SETTINGS 0x4 Convey configuration parameters to affect how the endpoints communicate such as preferences and constraints on peer behavior.
PUSH_PROMISE 0x5 Carry a promised request header set from server to client.
GOAWAY 0x7 Initiate a graceful shutdown of a connection by a server.
MAX_PUSH_ID 0xD Used by clients to control the number of server pushes that the server can initiate.
DUPLICATE_PUSH 0xE Used by servers to indicate that an existing pushed resource is related to multiple client requests.

Stream types:

1. Control Streams

Each side initiates unidirectional control streams using the stream type of 0x00 to modify the connection settings. The types of frames permitted are SETTINGS, CANCEL_PUSH, GOAWAY and MAX_PUSH_ID.

2. Request Streams

The normal request and response stream type. These contain the frames DATA, HEADERS and PUSH_PROMISE.

3. Push Streams

A server can initiate a response before a request has been made using the push stream. This is indicated by the stream type of 0x01 followed by the Push ID. The types of frames permitted are DATA and HEADERS.

Is HTTP/3 in production?

Yes!
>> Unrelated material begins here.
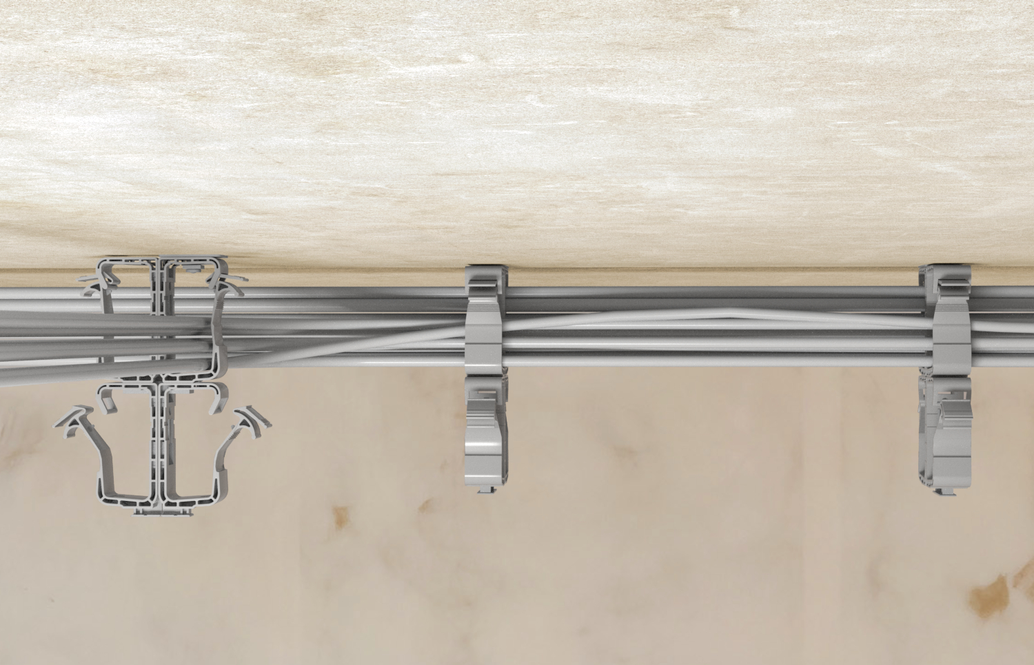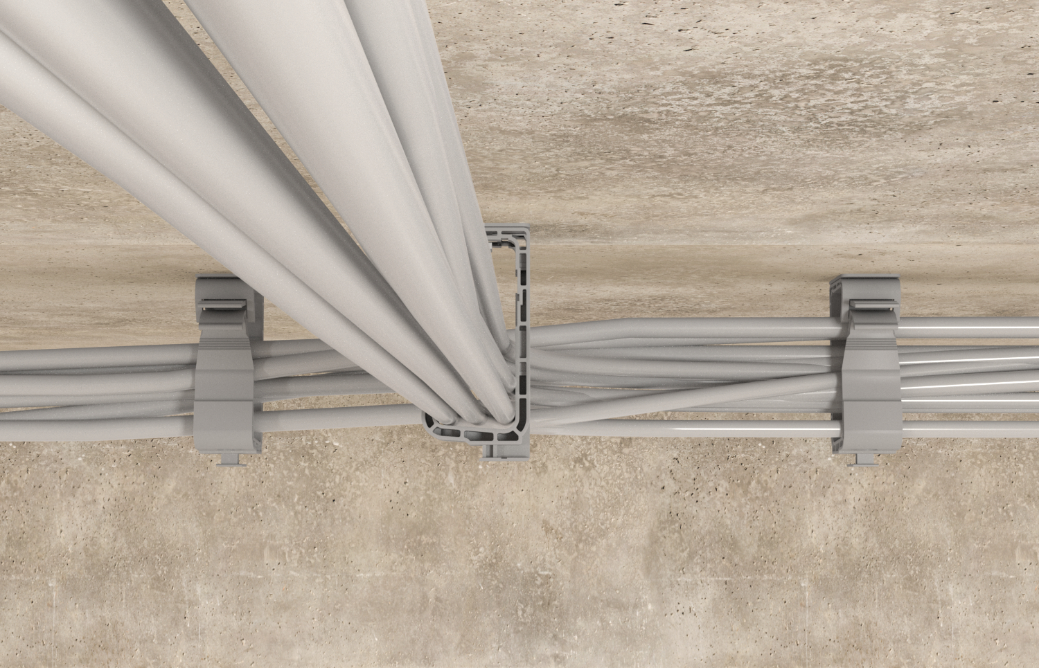 Kombinovaný sběrný držák pro montáž kabelových svazků.

We can visit google.com using Google Chrome and inspect the network tab:

google http3

We can see here that our request to www.google.com used the protocol h3-Q050 indicating that it used HTTP/3.

Now this is mainly enabled between connections from Google clients and servers and we have not yet migrated the internet from HTTP/1.1 to HTTP/2 so it may still be a long ways away before a more mainstream adoption of HTTP/3. Nevertheless, still neat to see how the protocol is progressing.